Sunday, March 6, 2016

Deal With a Nosy Co-Worker



The many hours spent in the workplace inevitably allow bonding with colleagues. However, not everyone is minded colleague to be your best friend.

Healthy relationships in the workplace are based on courtesy, mutual respect and adherence to the written and unwritten rules of conduct. Unfortunately, many people are accustomed to exceed the limits of others' privacy, so eager to peek in your private life.


The motivation of these curious nosy Co-Worker can be different and the consequences unpleasant.


Usually they crave information and they can (or can not pretend) to understand why you do not want to open the curtains of your privacy and to share what you are going outside the workplace and away from the office desk.

How to recognize nosy Co-Worker?

~ Insecur
Most of the people are faced with a complex of inferiority and get to grips with their own insecurities. Therefore they deem it necessary to have more information about the people who surround them in order to feel safer and sometimes even superior. Often they find comfort and pleasure in someone else's trouble.

~ Importunate

Some do not really know the difference between assertive and friendly interest in entering foreign private matters. These people are characterized by poor social skills, and this cheeky curious approach is the only way to get in touch with colleagues beyond the professional relationship.

~ Opportunists

Often have special hidden agenda: merciless sniffing in your private life in the hope of getting information and pikanterii, later skillfully exploit against you, for example at the time when both of you are faced with the possibility of promotion.

~ Jealous

They may envy you for your work success, but the last vacation, a new car, your clothes or harmonious love affair are reason plus to further their interest to you. Jealous enjoy to feed themselves with  information about the private life of colleagues, which   they  will use for comparison.

~ Lonely

Some really do not have a wide circle of friends and colleagues believe that the workplace are the closest to people for friendship in which they can confess their secrets and confidential personal information about yourself. But usually they require in return, which of course results in a curious interest and assertive insistence on being a guest in someone else's privacy.

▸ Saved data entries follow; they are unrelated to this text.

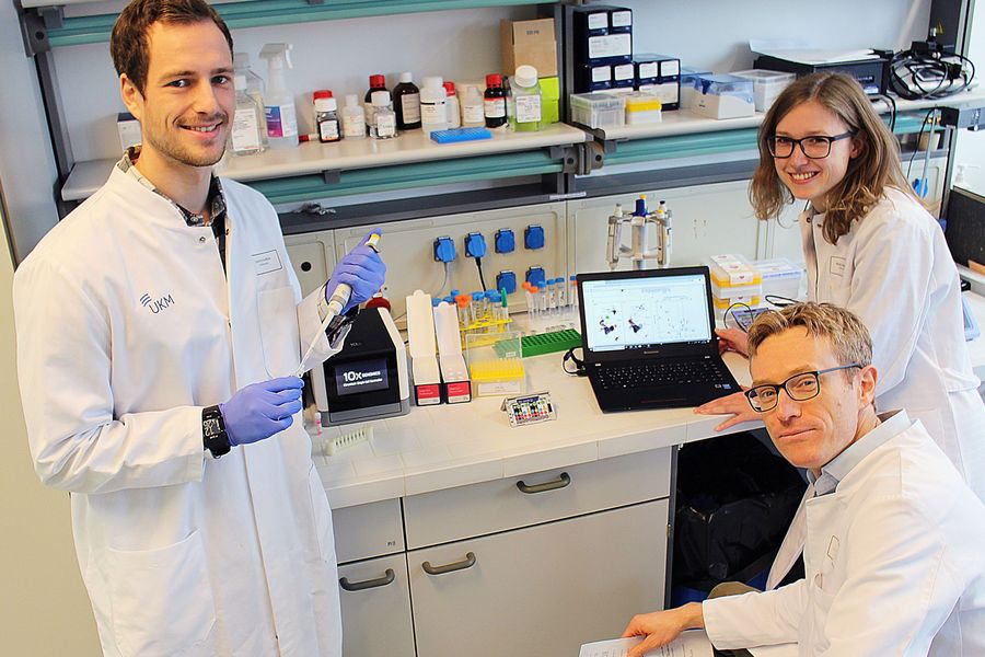 Möglich wurde der Fortschritt, mit dem das Team weltweit zu den Pionieren zählt, durch hochauflösende Analysen mittels Einzelzell-Transkriptomik. Diese stellt die Gesamtheit aller in einer Zelle vorliegenden Moleküle dar, die aus der Erbinformation in Bauanleitungen übersetzt werden. So verglichen die Wissenschaftler in einem Projekt des von der Deutschen Forschungsgemeinschaft geförderten Sonderforschungsbereichs „Multiple Sklerose“ das Profil gesunder Menschen mit dem von Multiple-Sklerose-Patienten. Die kurz auch MS genannte Autoimmunerkrankung betrifft das Nervensystem, sie führt zu wiederkehrenden schubhaften Entzündungen von Gehirn und Rückenmark.
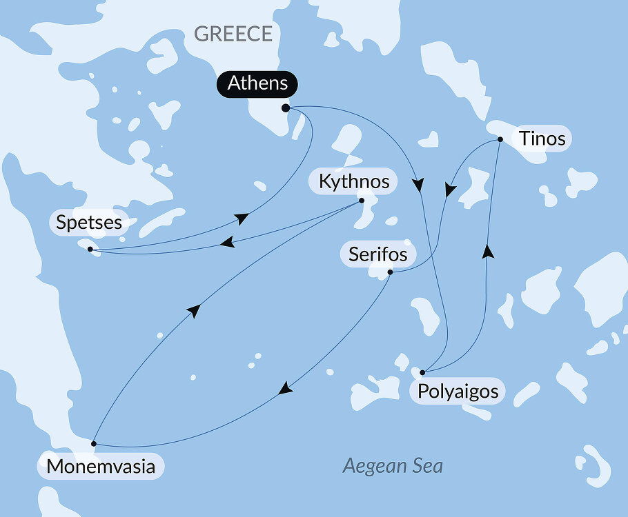 You will discover Kythnos, an arid and rocky island covered in maquis. Low dry stone walls delimit the terraces where olive groves stand alongside fig and almond trees that feed the imagination as much as the people. Discover the chora and its beautiful white houses by taking a stroll along the intertwined streets. Then, the welcoming shade of a parasol awaits you for a nap on the beach. You might also be tempted by a swim or a spot of paddle-boarding or kayaking to discover the exceptional landscapes of this island surrounded by the exceptionally beautiful Aegean Sea.
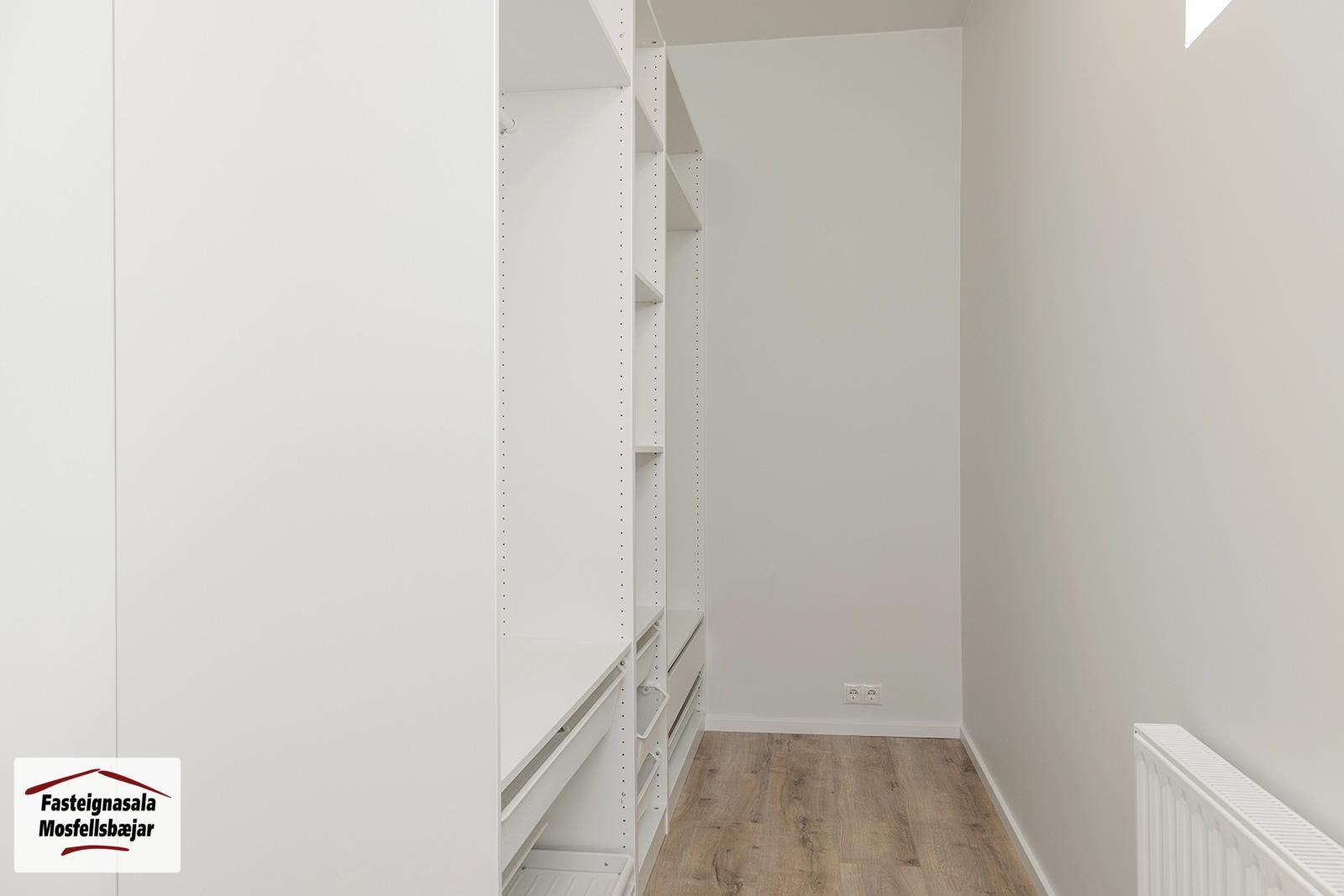 Baðherbergi er flísalagt. Á baði er vegghengt salerni, 'walk in' sturta, handklæðaofn og hvít innrétting. Innaf er þvottaherbergi

How to deal with nosy co-workers effectively

~ Look busy 
When you see Mr. or Ms. Nosy headed toward your desk or workstation, make sure you appear as if you are very hard at work. Start typing an email, or stare at a pile of paperwork with an expression of extreme focus.
This may make them realize that it isn’t the ideal time to stop and chat, but if they stop anyway, offer up an exaggerated complaint about all the tasks you have to finish up in the next couple of hours. With that, they should take the hint that you have no time to talk, and carry on with their workplace walk-through.
However, if you have a nosy co-worker who is totally oblivious to subtle signs, you may have to resort to pretending to be on the phone when you see them coming, but only do this when you really need to avoid them. If you pull this trick too often, the Nosy One may catch on. 
~ Change the subject 
If you and a co-worker start talking about relationships, and he or she starts asking questions about your past or present ones that you feel are too personal, you can deflect the topic of conversation with a slight subject change.
~ Ask them about themselves instead 
Often, people who are nosy love talking about themselves, and ask others personal questions because they automatically assume that everyone else does, too! If you don’t feel like responding to their queries, turn their questions back on them. 
~ Keep personal possessions under wraps 
Nosy people have a talent for noticing everything in another person’s environment, including small, inconspicuous things that wouldn’t show up on the average person’s radar. While you’re talking to them, a nosy colleague likely will be trying to read the papers on your desk, or craning their neck in order to glance over your shoulder and inspect the pictures on your cubicle wall. 
~ Limit social media contact 
If a co-worker’s nosy in the office, be careful as to how many social networking platforms you add them to. People’s personalities outside of work usually aren’t that different from the ones they present there, so there’s a good chance that your co-worker will, at some point, be going through your Facebook and Twitter pages and looking at your YouTube history during their off time.
This will give them even more ideas when it comes to things to ask you about, if they haven’t already found out everything about you by scrolling through seven years’ worth of photos and creeping five of your best friends.